On Sat, Mar 3, 2012 at 10:26, Vinay Sajip <vinay_sa...@yahoo.co.uk> wrote:
> Lennart Regebro <regebro <at> gmail.com> writes:
>
>> So the question is if you have any proposal that is *less* confusing
>> while still being practical. Because we do need to distinguish between
>> binary, Unicode and "native" strings. Isn't this the least confusing
>> solution?
>
> It's a matter of the degree of confusion caused (hard to assess) and also a
> question of taste, so there will be differing views on this.
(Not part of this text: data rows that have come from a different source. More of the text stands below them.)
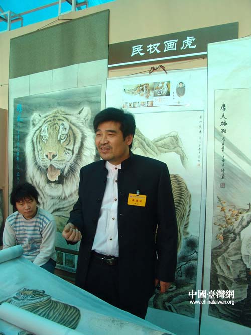 自幼酷愛畫虎的王建金如今已成為中央書畫研究院研究員,在國外辦過個人展,他的國畫工筆也成為此次展演中的一大熱點。(李杰 攝)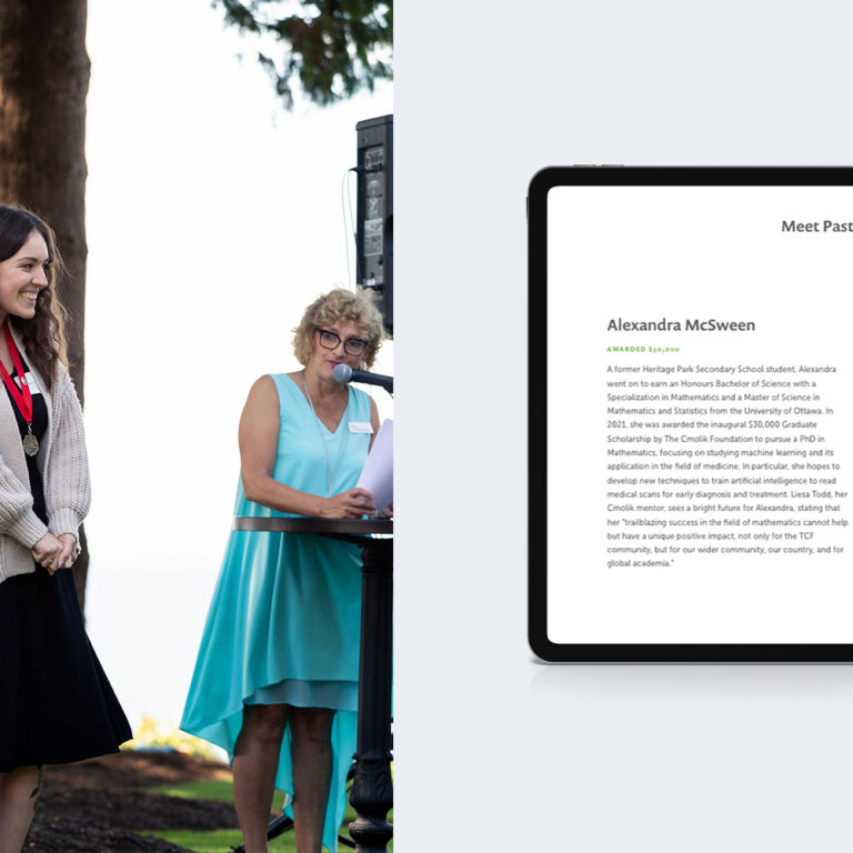 Last but certainly not least, we wanted to shine a spotlight on the talented Cmolik Scholars as well as the mentors, volunteers, and staff members who make it all possible. The Cmolik Foundation is ultimately about people, and the new site honours this commitment to relationships by prominently featuring the stories of students and mentors in bios and testimonials.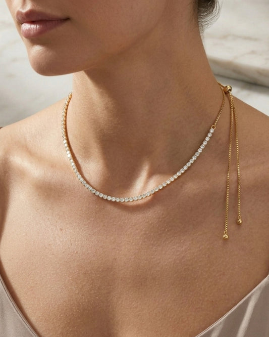 Collar tipo tennis ajustable color dorado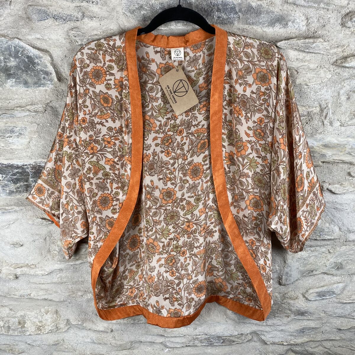 Petite kimono style jacket, made out of polyester fabric, extremely soft and easily confused with silk.

Considering use 
> of
> unicode_literals, 'xxx' for text, b'yyy' for bytes and with a function wrapper
> to mark native strings, it becomes clear that the native strings are special
> cases - much less encountered when looking at code compared to 'xxx' / b'yyy',

I'm not sure that's true at all. In most cases where you support both
Python 2 and Python 3, most strings will be "native", ie, without
prefix in either Python 2 or Python 3. The native case is the most
common case.

> In terms of practicality, it is
> IMO quite practical (assuming 2.5 / earlier support can be dropped) to move 
> to a
> 2.6+/3.x-friendly codebase, e.g. by using Armin's python-modernize.

I think there is some misunderstanding here. The binary/unicode/native
separation is only possible on Python 2.6 and 2.7 at the moment,
unless you use function wrappers like b().